There was no dedicated team set-up to obtain information and correspond with ASIC and Clayton Utz said AMP should have undertaken their breach reporting with a more customer-centric "lens".

"The interactions and communications with ASIC became the means by which the business was allowed to formulate a particular narrative without any real scrutiny by an internal independent body," said Clayton Utz.

Key members of the AMP executive team were singled out by Clayton Utz as being responsible for the misrepresentations to ASIC in the 2015 breach report and the subsequent interactions with ASIC during 2015 and 2016.

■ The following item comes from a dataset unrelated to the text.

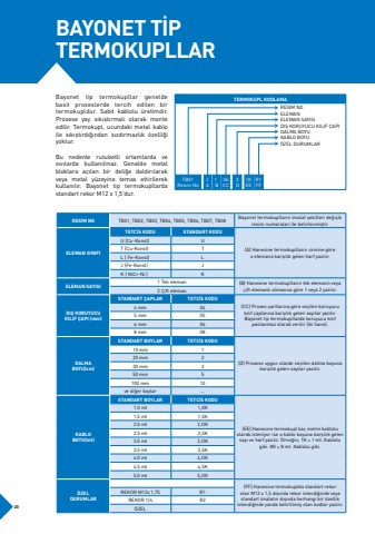 BAYONET T%u0130PTERMOKUPLLARBayonet tip termokupllar genelde basit proseslerde tercih edilen bir termokupldur. Sabit kablolu %u00fcretimdir. Prosese yay s%u0131k%u0131%u015ft%u0131rmal%u0131 olarak monte edilir. Termokupl, ucundaki metal kablo ile s%u0131k%u0131%u015ft%u0131rd%u0131%u011f%u0131ndan s%u0131zd%u0131rmazl%u0131k %u00f6zelli%u011fi yoktur.Bu nedenle rutubetli ortamlarda ve s%u0131v%u0131larda kullan%u0131lmaz. Genelde metal bloklara a%u00e7%u0131lan bir deli%u011fe dald%u0131r%u0131larak veya metal y%u00fczeyine temas ettirilerek kullan%u0131l%u0131r. Bayonet tip termokupllarda standart rekor M12 x 1,5%u2019dur.TERMOKUPL KODLAMATB01 J 1 06 3 - 1K R1Resim No - A B CC - D - EE FFRES%u0130M NOELEMANELEMAN SAYISIDI%u015e KORUYUCU KILIF %u00c7APIDALMA BOYUKABLO BOYU%u00d6ZEL DURUMLARRES%u0130M NOTB01, TB02, TB03, TB04, TB05, TB06, TB07, TB08Bayonet termokupllar%u0131n imalat %u015fekilleri de%u011fi%u015fik resim numaralar%u0131 ile belirlenmi%u015ftir.ELEMAN SINIFITETC%u0130S KODUSTANDART KODU(A) Hanesine termokupllar%u0131n cinsine g%u00f6reo elemana kar%u015f%u0131l%u0131k gelen harf yaz%u0131l%u0131r.U (Cu-Konst)UT (Cu-Konst)TL ( Fe-Konst)LJ (Fe-Konst) JK ( NiCr-Ni )KELEMAN SAYISI1 Tek eleman(B) Hanesine termokupllar%u0131n tek elemanl%u0131 veya 2 %u00c7ift eleman%u00e7ift elemanl%u0131 olmas%u0131na g%u00f6re 1 veya 2 yaz%u0131l%u0131r.DI%u015e KORUYUCU KILIF %u00c7API (mm)STANDART %u00c7APLARTETC%u0130S KODU(CC) Proses %u015fartlar%u0131na g%u00f6re se%u00e7ilen koruyucu k%u0131l%u0131f %u00e7aplar%u0131na kar%u015f%u0131l%u0131k gelen say%u0131lar yaz%u0131l%u0131r.Bayonet tip termokupllarda koruyucu k%u0131l%u0131f paslanmaz olarak verilir (iki hane).4 mm045 mm056 mm068 mm08DALMABOYU(cm)STANDART BOYLARTETC%u0130S KODU(D) Prosese uygun olarak se%u00e7ilen dalma boyuna kar%u015f%u0131l%u0131k gelen say%u0131lar yaz%u0131l%u0131r.10 mm120 mm230 mm350 mm5100 mm10ve di%u011fer boylar...KABLOBOYU(mt)STANDART BOYLARTETC%u0130S KODU(EE) Hanesine termokupl ka%u00e7 metre kablolu olarak isteniyor ise o kablo boyuna kar%u015f%u0131l%u0131k gelen say%u0131 ve harf yaz%u0131l%u0131r. %u00d6rne%u011fin; 1K = 1 mt. Kablolu gibi. 8K = 8 mt. Kablolu gibi.1.0 mt1,0K1.5 mt1,5K2.0 mt2,OK2.5 mt2,5K3.0 mt3,OK3.5 mt3,5K4.0 mt4,OK4.5 mt4,5K5.0 mt5,OK%u00d6ZELDURUMLAR(FF) Hanesine termokuplda standart rekor olan M12 x 1,5 d%u0131%u015f%u0131nda rekor istendi%u011finde veya standart imalat%u0131n d%u0131%u015f%u0131nda herhangi bir %u00f6zellik istendi%u011finde yanda belirtilmi%u015f olan kodlar yaz%u0131l%u0131r.REKOR M12x 1,75R1REKOR 1/4R2%u00d6ZEL20

Managing director of financial planning, Michael Guggenheimer; head of licensee value management Justin Morgan; consultant group executive, advice and banking Robert Caprioli; and managing director, AMP Advice Michael Paff were named in the report.

Clayton Utz said Mr Guggenheimer, for example, failed to take any steps to ensure ring-fencing of of clients was reported to ASIC.

Ring-fencing was a process AMP used to place "orphaned" clients of planners who had retired into a single pool where they were still being charged fees for services they did not receive.

"This failure was pointed out to him during his interview. His response was that he had no "plausible explanation" for failing to do so," said Clayton Utz.